Lokal : Flebitis dan infeksi local

H. KESIMPULAN
Tubuh mengandung 60 % air yang disebut juga cairan tubuh. Cairan tubuh ini didalamnya terkandung nutrisi-nutrisi yang amat penting peranannya dalam metabolisme sel, sehingga amat penting dalam menunjang kehidupan. Dalam pembedahan, tubuh kekurangan cairan karena perdarahan selama pembedahan ditambah lagi puasa sebelum dan sesudah operasi. Maka terapi cairan amat diperlukan untuk pemeliharaan dan mencegah kehilangan cairan terlalu banyak yang bisa membahayakan.

Cairan tubuh terdistribusi dalam ekstrasel dan intrasel yang dibatasi membran sel.
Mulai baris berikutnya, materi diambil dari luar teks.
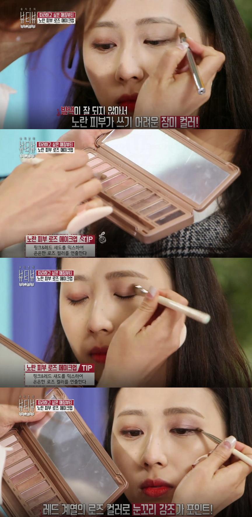 底妝:申愛化妝師指,偏黃皮膚的人不宜使用黃色底霜,應該將粉紅混合紫色底霜,一樣用化妝掃推開,再用海棉輕輕按壓,讓皮膚看起來有生氣卻不顯黃。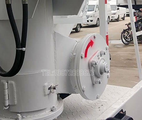 3、點(diǎn)擊操作箱中的液壓?jiǎn)?dòng)按鈕(圖標(biāo)1),然后操作車頂絞龍上升(圖標(biāo)2)和左轉(zhuǎn)或右轉(zhuǎn)(圖標(biāo)3),使之對(duì)準(zhǔn)料塔卸料口,完成后點(diǎn)擊液壓停止按鈕(圖標(biāo)5)停止液壓系統(tǒng)工作。(注:卸料時(shí)需將液壓停止,長(zhǎng)時(shí)間卸料時(shí)如液壓任開啟可能會(huì)燒壞控制閥)

Adanya tekanan osmotik yang isotonik menjaga difusi cairan keluar sel atau masuk ke dalam sel. Dalam terapi cairan harus diperhatikan kebutuhannya sesuai usia dan keadaan pasien, serta cairan infus itu sendiri. Pemberian infus yang tidak sesuai untuk keadaan tertentu akan sia-sia dan tidak bisa menolong pasien.